At the end of the day, Red looks great and Spike looks desperate.

Okay, okay. So what’s the routine I devised for my new friend of the female type and persuasion? After she completed her set of seated low lat rows -- with ennui, I might add -- on the BodyMaster cable machine, our meeting and conversation went something like this:

She was now reclining on the bench like it was a cushy lounge, twirling her water bottle and staring at the ceiling. I asked her if she liked the gym and training and lifting weights. Her eyes lit up... girls are so cute. She said she loved it, it was relaxing and she once had a personal trainer. I asked if she had a routine she followed and she admitted she needed one, but was just doing what she pleased these days. I then commented on the lat row, saying it was one of the best exercises for a gal because it worked many muscles from head to toe and contributed to whole body strength, function and shape.

I was now entering murky waters. Could she take exercise advice from a Neanderthal? I continued to explore the possibilities by applauding her desire to train, her good fortune to have the world before her and her great combination of trim muscle and lack of bodyfat. “So many young gals have imponderable obstacles to overcome before they can begin to look like you, and here you are. Can I make some suggestions on the performance of this exercise so you can gain all that it has to offer? There’s nothing more attractive and impressive than a young gal who performs weighted exercise with knowing and meticulous form.”

I knew she’d say yes. I evoke pity when I’m on my knees with clasped hands exhorting, “You need to know the truth, child.”

I told her about the importance of a full-forward action to engage the lower back (structural strength and health), the thoughtful pull as the entire length of the lats (very appealing) is brought into play, along with the forearm and biceps muscles (useful and adorable), and, at the peak of the movement, the chest out and the back arched in upper-back contraction (develops dynamic posture and darling musculature) and a most sensational feeling. The return action, smooth and focused, is an integral part of the movement. Three sets of 10 reps with 80-percent exertion and virtuous form are just right. She agreed.

Her boyfriend cruised into the picture, a 25-year-old, 200-pound six-footer who can lift a house, small garage and the surrounding trees. “She has 11-percent bodyfat,” he declared. No doubt. We exchanged remarks of envy and the unfairness of life, quickly pointing out she probably couldn’t rebuild an engine from the block up.

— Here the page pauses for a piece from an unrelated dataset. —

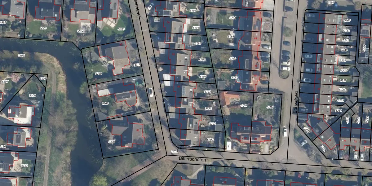 Het perceel waarop Bitterschoten 48 staat heeft een oppervlakte van 260 m². Dit is een middelgroot perceel. De perceeloppervlakte wordt geregistreerd door het Kadaster. Gedetailleerde informatie over de maten van dit perceel kunt u vinden in het rapport Kadastrale kaart met maatvoering van Bitterschoten 48.

“The really neat thing is you only need five exercises plus some aerobics to achieve the sun, moon and stars,” I said, “whereas, Mountain Man here and I need that many for each bodypart.” She laughed while Mountain and me just stared, looking glum. Reality sucks.

“Would you like to know what I would do, if I were you?” I was bound to tell her and gave no pause for her to reply. She could have left the building and I would have told the wall. “Five exercises, 3 sets of each for 10 reps with moderate to daring exertion, of the following exercises in the following order after warming up HIIT style on the bike: The bike will serve as your leg conditioning for the first month, and then we’ll add squats. They’re a riot.”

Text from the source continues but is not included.